Jim Emerson | 2012-02-10
Why don't the critics, the Oscars and the box-office audience ever seem to agree on the best movies of the year? This question really bugs some people, but I've never understood it, because criticism, intra-industry acclaim and ticket-sales revenue represent such separate and distinct ways of looking at movies. If they all redundantly reinforced the same choices, what would be the point? (Only the money is necessary to the movie business, which regards reviews and awards as simply part of the promotional campaign.) The way I see it, asking why critics, Academy voters and audiences don't agree is like asking why Democrats and Republicans don't choose the same candidates for president (although I once knew a woman who seriously proposed that Ronald Reagan and Geraldine Ferraro would make a great ticket). The obvious reason is: different constituencies want different things.

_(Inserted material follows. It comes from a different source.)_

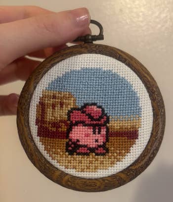 When I got Bek O'Connell in a draw for BuzzFeed Shopping's Secret Santa in 2024, I went on the hunt for a cute Etsy cross-stitch pattern and found this one! It was a super clear PDF I was able to instantly downloaded and this might be my cutest cross-stitch creation to date!!!

Audiences want to be entertained, maybe a little inspired. Critics want to be entertained too, of course, but some also seek the greater pleasures of art. For some of us, the hackneyed phrase "mindless entertainment" is a contradiction in terms: how can something be entertaining unless it engages your attention on more than an autonomic level? Oscar voters... well, who the hell knows what they want? But we all want to feel better about ourselves, don't we? Movies, good and bad, can help with that.
Andrew O'Hehir at Salon ("And the Oscar goes to... 'Twilight'!") makes a modest proposal: "What if the Oscars -- an imaginary Oscars, a thought-experiment Oscars, the Oscars of an alternate universe -- honored movies that people actually liked?" His alt.hollywood version would be "an unholy blend of the MTV Movie Awards and the Indiewire critics' poll" in which "Melancholia," "A Separation" and "Tinker Tailor Soldier Spy" would go up against "Harry Potter," "Twilight" and "Mission: Impossible."